Air Date: Week of September 2, 1994
Commentator Alan Durning’s image of the population problem changed when he started acquiring stuff for his new baby.
CURWOOD: How many is enough? Or rather, how much for whom? Commentator Alan Durning thought he had the answers but then he thought again.
(The sound of many people marching)
DURNING: This is what I used to picture when I thought about the world's exploding population: Chinese, 8 abreast, marching around the equator. Millions of Chinese marching; billions of them. The world's problem seemed to be just too many people.
(Sounds of marching increase to a deafening, echoing roar, followed by a medical beeping)
DURNING: Then last month, I got a different picture of population growth. It was a grainy, black and white image on a sonogram screen: my son. His eyes pointed toward the scanner like he was looking straight at us, thumb in his mouth, sucking. He'll be born any day now.
(Voice on public address speaker; store sounds; cash register beeps)

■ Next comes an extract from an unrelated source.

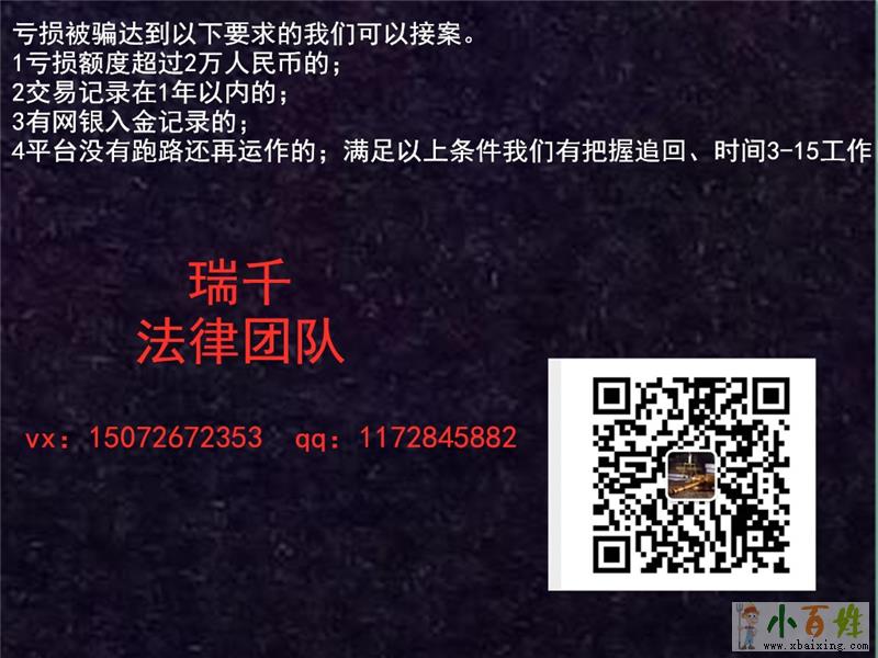 受害者的自述:我是浙江杭州的王彭,大概在今年开年的时候,因为创业失败了闲着没事干,天天在家不是打游戏就是跟朋友们一起出去玩,游手好闲的。我爸妈看着我这样一天天不是个事,他们看不惯我,身边的亲戚朋友也看不惯我说我这么大一个小伙子不干正紧事只知道玩。其实我自己也知道,这样下去也不行。后面我跟爸妈商量了一下,准备给我拿80万开dian,让我自己做做小生意。我觉得也很不错,但让我完全没有想到的是可怕的经历正在像我一步一步走来。在为了我的事业所做准备的时候,一位vx名叫云淡风轻的人加了我,而我想着我自己开始创业了,我就毫不犹豫的加上了她USP。刚开始就随便聊聊,在大家都相互了解了个大概(我把我拿着爸妈的80万准备开dian的事给她说了)我应该就是这么个人吧,对人都不带保留了。之后她开始慢慢的给我透露她的故事,我之前看她朋友圈,有时候会有一些出国旅游的照片,还有一个自己开的茶楼,规模也比较可以,聊天的时候我就去问了他,该怎么创业!他也就跟我说了一个大概!她说她的钱最开始家里就给了5万,其他的都是自己在网上做投资赚的,就在这个平台投资了,里面有专业的老师,带着她赚的钱,她说自己也不是很懂,就跟着老师操作就行了,老师说怎么做她就怎么做。听着我很心动,也想拿着钱去试试,毕竟这么容易发财的机会很难得遇到(见钱眼看了),但是我又很犹豫,这个钱可是爸妈的养老钱,现在拿出来给我投资,我不能把这笔钱给败光了然后她就开始慢慢的劝导我,说这个平台很稳的,百分百的能保我赚上钱,说她自己就是个例子,跟她聊了这么就我已经很信任她了,慢慢的我的心动摇了,我想试试,我想挣上钱在亲戚在父母身边扬眉吐气。让我万万没想到的是我的噩梦才刚刚开始。跟着她的推荐,我进入了一个所谓会员身份才能进入的vx群,群里面大概有3位老师,主要是一个黄仰东老师,开始的时候是在群里面发视频链接,让我们自己去看,讲解你该怎么怎么入金那些的,我也不是很懂。我也想的多,前面就入了10万块钱,先试试水,然后就几天的时间就小赚4万,之后心里就开始膨胀了,我膨胀的时候,他们很会琢磨人的心理,我当时想的是自己过段时间在操作,毕竟自己赚了一点,他们没有挽留我的意思,就说如果手上的资金充足可以加大资金,因为马上会有一个大的布局,20万至少可以获利12万,我当时因为第一次在这里赚钱,还是有点不放心,所以我就没有着急进去!我不着急他们也不催我,直到布局马上开始的时候他们的直播课程开始了,黄老师每天在直播间里面说他的推断跟预测,听得很多人都心动了,我也心动了,直到布局结束的时候,小晗给我发消息了,问我这次赚了多少钱,我说我还没有投钱进去呢!她表现的一副非常懊恼的样子,因为我听黄老师的课也有一段时间了,我就问了一下她这一次赚了多少,他说也没多少,就投了100万进去,赚了70多万左右吧,然后给我看了他的账户截图,一串数字深深的挑起了我的我的贪心还有贪恋www.xbaixing.com小百姓网。为了这个事情我还懊恼了很久,不过后来他跟我说有一个翻番的行情机会,有游资还有私募都会介入进来,我们可以跟着一起喝点汤,当时我就拿着我所有的资金,差不多80万左右(前面让我赚了4万,先让我尝到甜头)一下子全部入在里面,结果不到5天,只剩下1万左右了,那一天的我感觉天都要塌下来了。找老师,不理我,找她也是不回我消息,后面直接把我删了。知道这时候我才反应过来我是被他们一起骗了。之后的半年左右我真的活着就只会拖累别人,我都不知道我这半年是怎么熬过来的。现实真的把我打的爬不起来了,爸妈看着也着急。我甚至起过自杀的念头,父母也不敢过多的劝说我小百姓网。这件事对我的打击实在是太大了。好在我一个出国留学的朋友回来之后听说了我这件事之后告诉我他有个朋友就是专门做法律咨询的,他让我试着找一下他。然后我就抱着死马当活马医的态度去把发生在我身上的这件事告诉了这位朋友,没想到的是他告诉我我的钱可以追回来,之后短短的三个工作日的时间,这个黑平台的人就主动联系到我然后就把我的资金全部打到我的卡里。态度对我也是恭恭敬敬的。

DURNING: This month, my picture's changed again. You see, we've been making preparations. We've been shopping. To transport the baby we bought a car seat and a stroller. A friend gave us a baby carrier to wear on your chest called a Snugli. But at a consignment store, we saw a used baby backpack and a baby sling. We bought them both. We bought a nursing pillow, 4 used nursing shirts, new nursing bras and breast pads, plus a book on breast feeding. The book said to buy baby bottles and nipples, and a device called a breast pump so I can help my wife with the midnight feedings. So we did.
We bought a baby comb and baby hair brush, baby soap, shampoo, and hair conditioner. Baby oil, two kinds of baby powder. We bought a bunch of pint-sized washcloths and towels with butterflies on them. And picked up a diaper changing table, with a seat belt and a foam rubber top.
We signed up for cloth diaper service, and bought a diaper pail, diaper bag, half a dozen diaper wraps with velcro fasteners, a huge carton of baby wipes. And we stowed away a 24-pack of disposable diapers just in case. We got a digital baby thermometer, a spring-loaded bouncy baby chair, a stuffed dinosaur, and a heap of child-safe plastic toys. Finally, we got a rocking chair to lull him; half a dozen receiving blankets to swaddle him; a bassinet to bed him down; a double-channel, 2-way, AC/DC baby monitor to hear his cries; a cassette of baby songs to calm him; and, for later, a micro-adjustable, pediatrician-certified, stained oak crib with aquamarine bumpers and a Peter Rabbit quilt.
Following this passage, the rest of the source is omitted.